--- What you need to do ---
Each line in the material below, starting at the one with "Knit Ballonmouw Streeptrui Bordeaux/Crème" and ending at the one with "Stock art illustration", is to be reproduced exactly; no picture is to be copied.

--- Extracted data ---

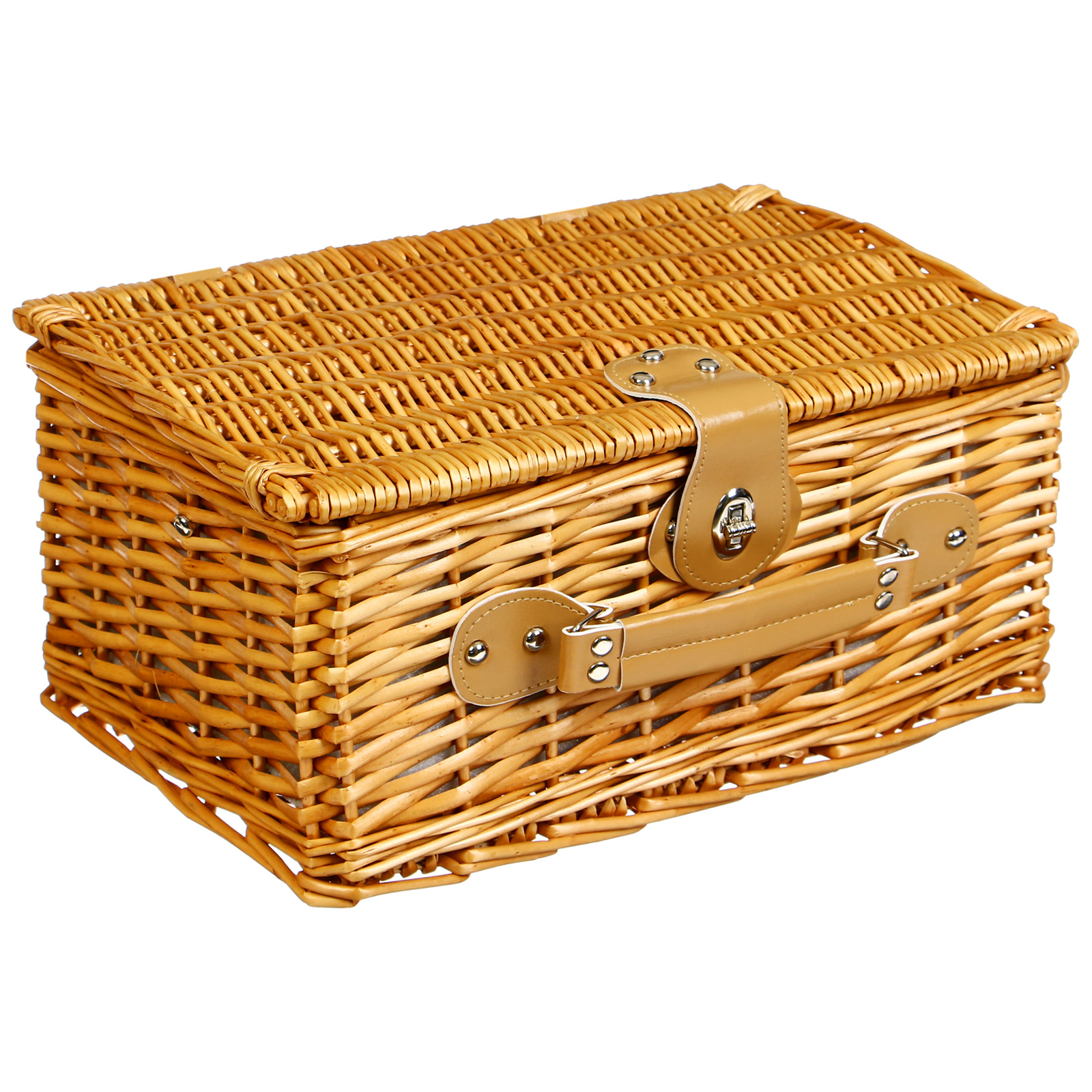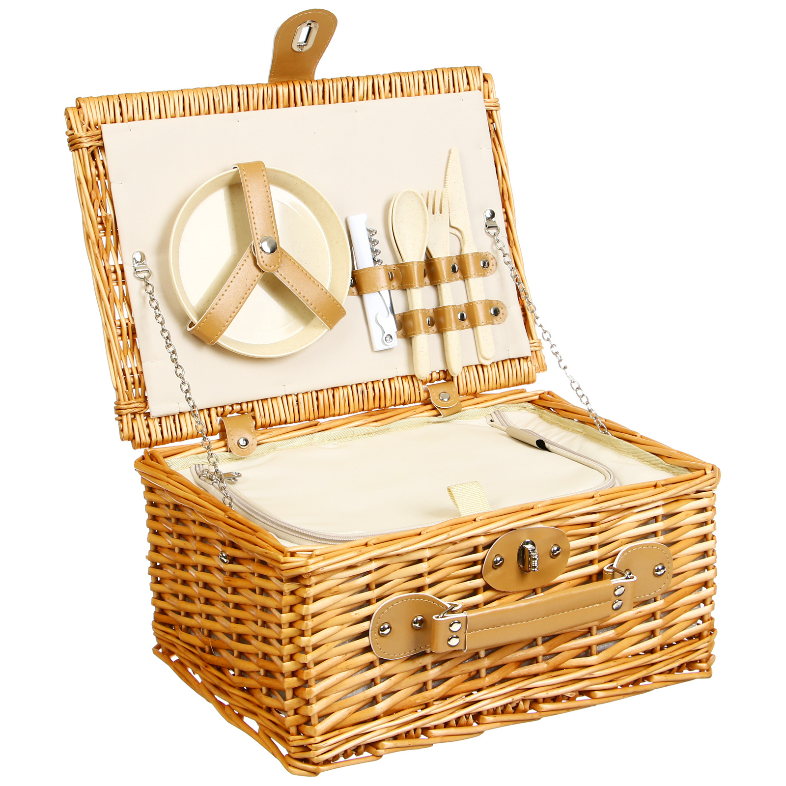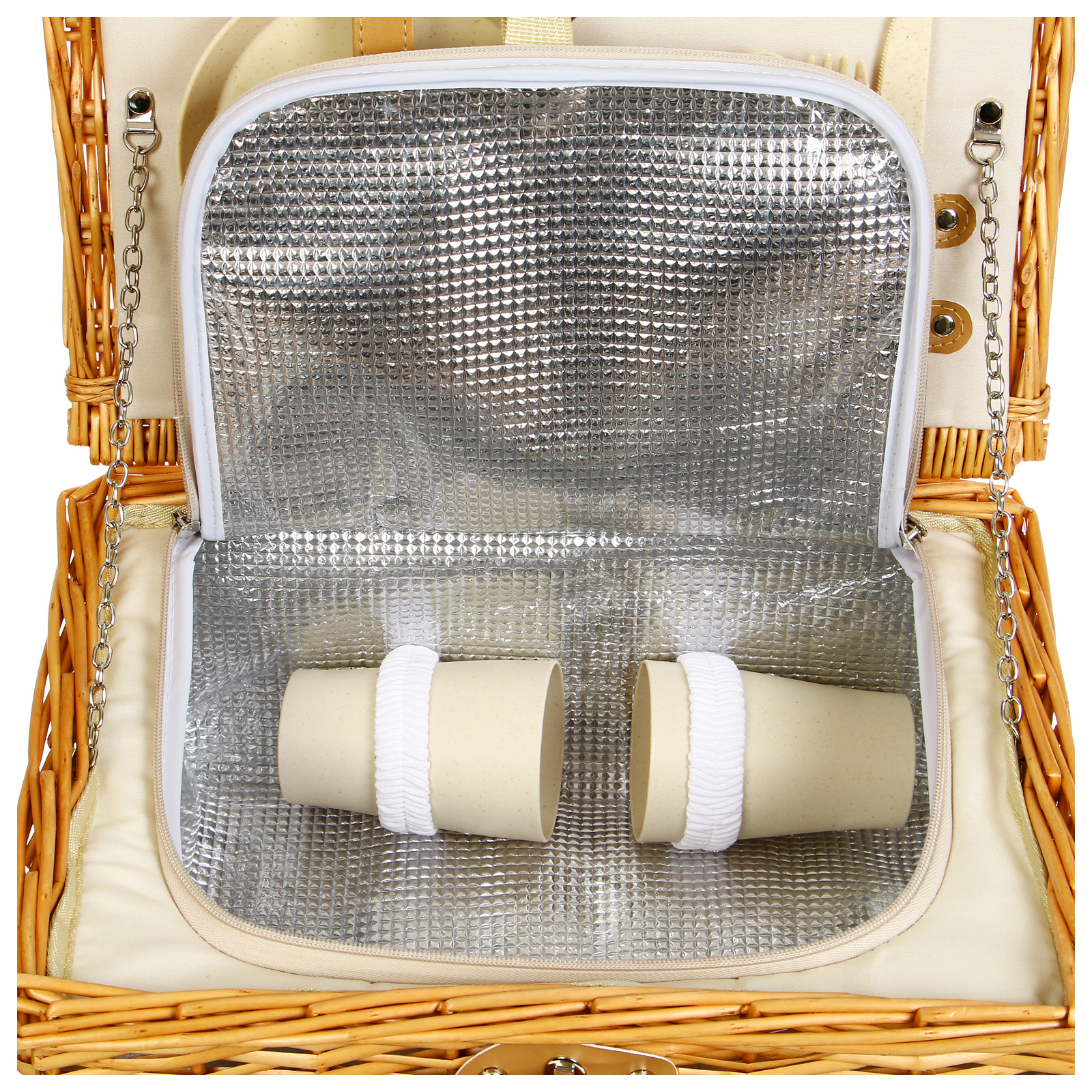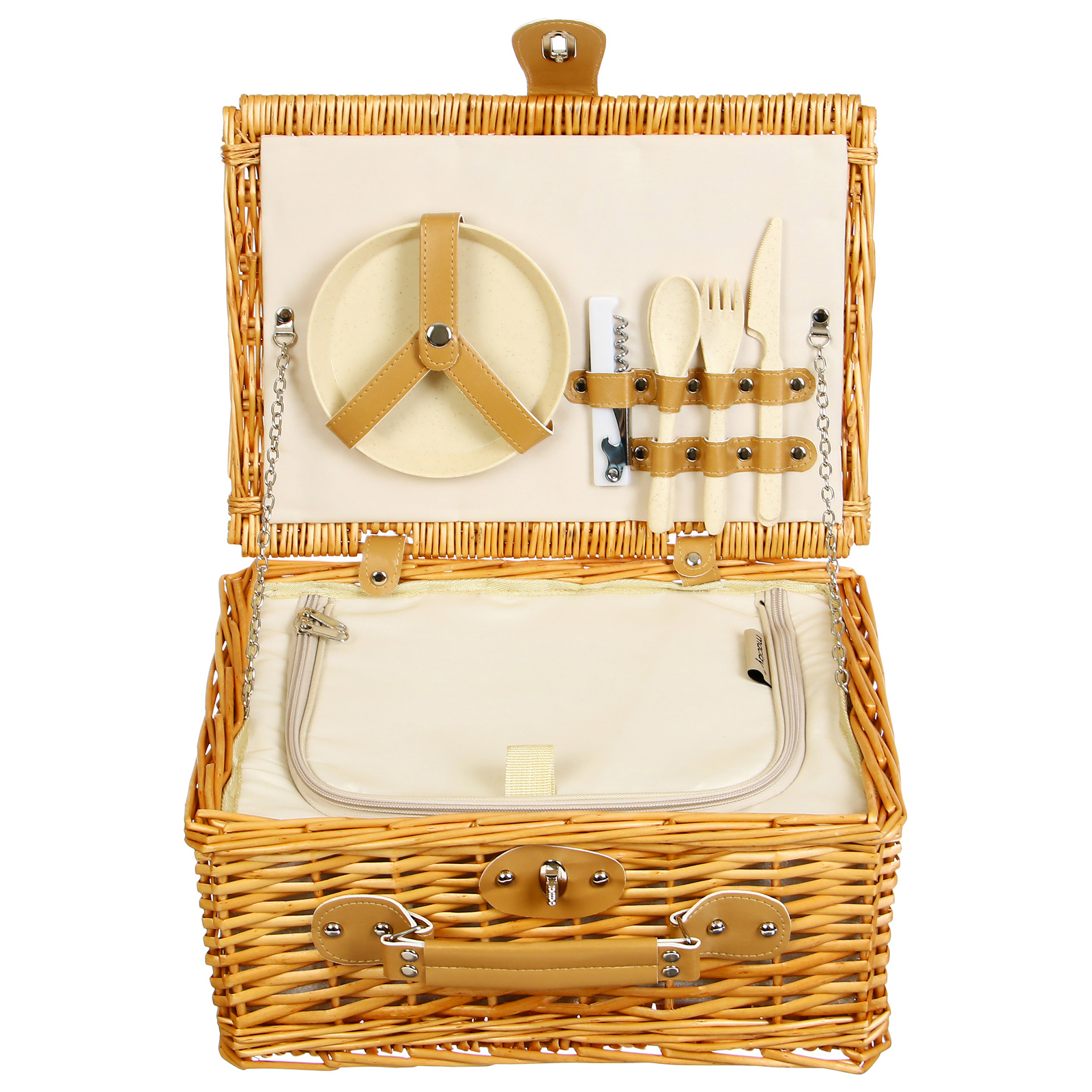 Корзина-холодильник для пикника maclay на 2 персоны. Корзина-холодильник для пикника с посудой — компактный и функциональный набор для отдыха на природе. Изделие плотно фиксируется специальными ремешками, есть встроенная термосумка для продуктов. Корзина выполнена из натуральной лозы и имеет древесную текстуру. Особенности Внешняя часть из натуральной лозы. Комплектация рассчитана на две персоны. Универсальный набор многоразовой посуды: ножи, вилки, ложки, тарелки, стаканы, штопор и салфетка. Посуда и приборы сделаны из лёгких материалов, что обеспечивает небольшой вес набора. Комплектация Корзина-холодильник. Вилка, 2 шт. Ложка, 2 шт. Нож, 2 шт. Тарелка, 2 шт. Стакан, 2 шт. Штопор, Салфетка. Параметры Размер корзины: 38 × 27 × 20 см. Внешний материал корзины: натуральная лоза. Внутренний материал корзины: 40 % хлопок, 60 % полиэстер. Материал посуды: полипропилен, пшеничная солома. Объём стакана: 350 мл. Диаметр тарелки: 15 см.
--
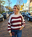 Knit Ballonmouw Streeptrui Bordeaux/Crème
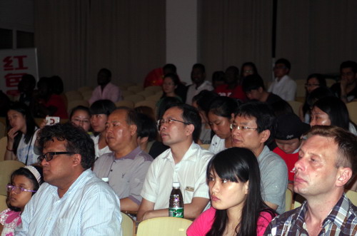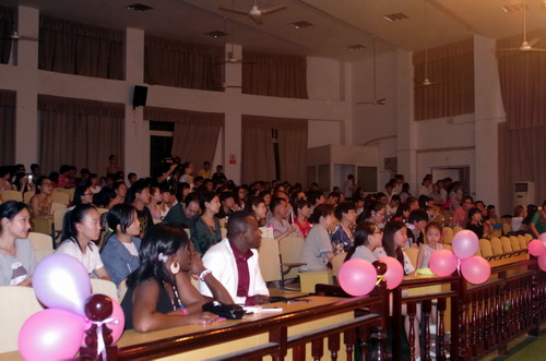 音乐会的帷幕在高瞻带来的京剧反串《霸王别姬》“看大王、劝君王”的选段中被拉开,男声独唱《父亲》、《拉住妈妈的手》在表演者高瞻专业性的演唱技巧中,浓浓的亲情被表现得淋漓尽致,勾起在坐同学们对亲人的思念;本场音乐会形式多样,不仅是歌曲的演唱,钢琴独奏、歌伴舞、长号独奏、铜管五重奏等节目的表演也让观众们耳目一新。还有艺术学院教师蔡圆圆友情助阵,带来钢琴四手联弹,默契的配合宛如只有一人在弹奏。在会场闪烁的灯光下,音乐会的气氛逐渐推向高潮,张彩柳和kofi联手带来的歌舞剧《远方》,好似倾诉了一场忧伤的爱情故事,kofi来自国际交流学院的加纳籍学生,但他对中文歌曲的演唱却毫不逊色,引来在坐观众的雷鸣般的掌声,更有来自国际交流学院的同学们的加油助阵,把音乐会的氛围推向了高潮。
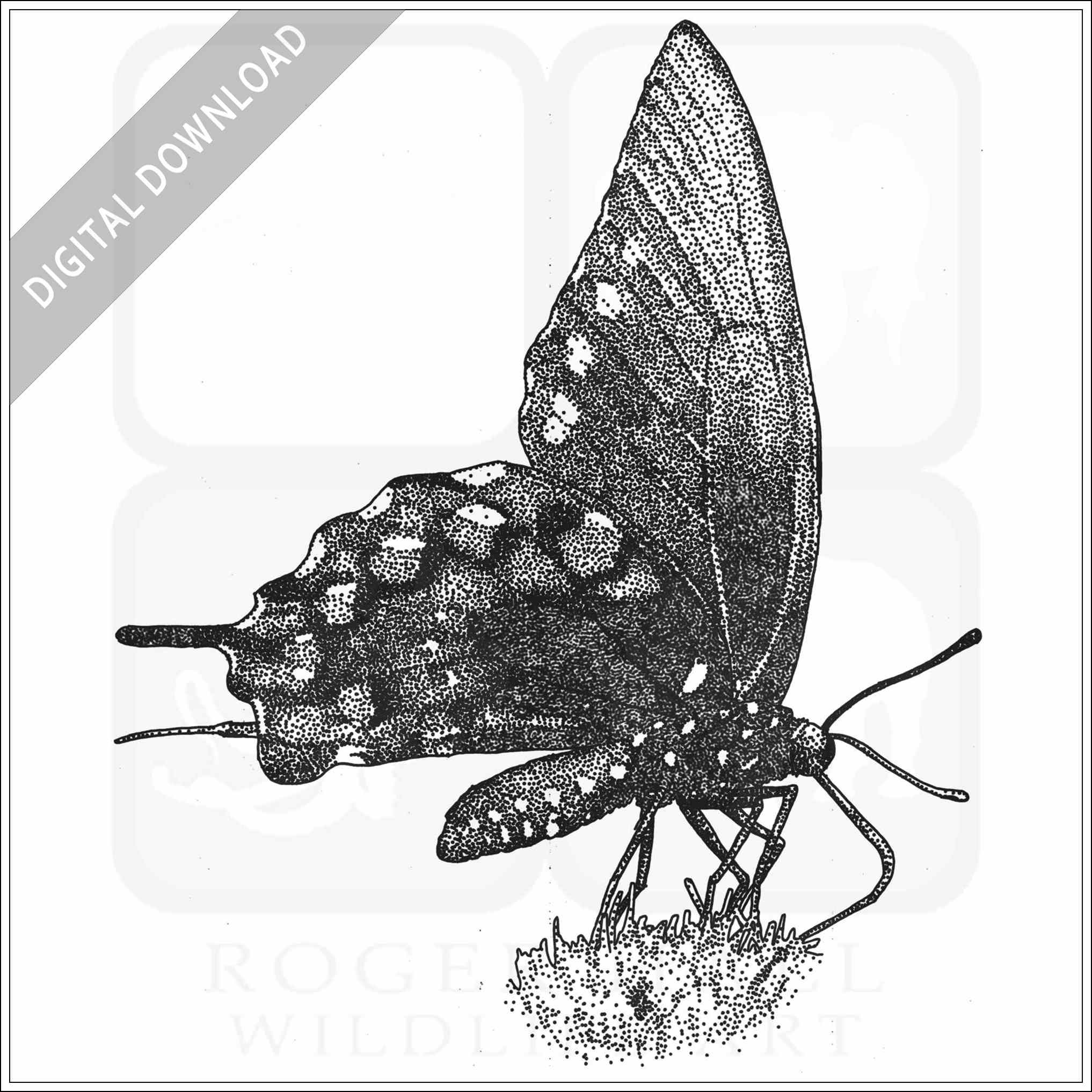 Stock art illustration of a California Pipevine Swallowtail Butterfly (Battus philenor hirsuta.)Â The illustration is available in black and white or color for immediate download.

--- Answer to this task ---
 Knit Ballonmouw Streeptrui Bordeaux/Crème
 音乐会的帷幕在高瞻带来的京剧反串《霸王别姬》“看大王、劝君王”的选段中被拉开,男声独唱《父亲》、《拉住妈妈的手》在表演者高瞻专业性的演唱技巧中,浓浓的亲情被表现得淋漓尽致,勾起在坐同学们对亲人的思念;本场音乐会形式多样,不仅是歌曲的演唱,钢琴独奏、歌伴舞、长号独奏、铜管五重奏等节目的表演也让观众们耳目一新。还有艺术学院教师蔡圆圆友情助阵,带来钢琴四手联弹,默契的配合宛如只有一人在弹奏。在会场闪烁的灯光下,音乐会的气氛逐渐推向高潮,张彩柳和kofi联手带来的歌舞剧《远方》,好似倾诉了一场忧伤的爱情故事,kofi来自国际交流学院的加纳籍学生,但他对中文歌曲的演唱却毫不逊色,引来在坐观众的雷鸣般的掌声,更有来自国际交流学院的同学们的加油助阵,把音乐会的氛围推向了高潮。
 Stock art illustration of a California Pipevine Swallowtail Butterfly (Battus philenor hirsuta.)Â The illustration is available in black and white or color for immediate download.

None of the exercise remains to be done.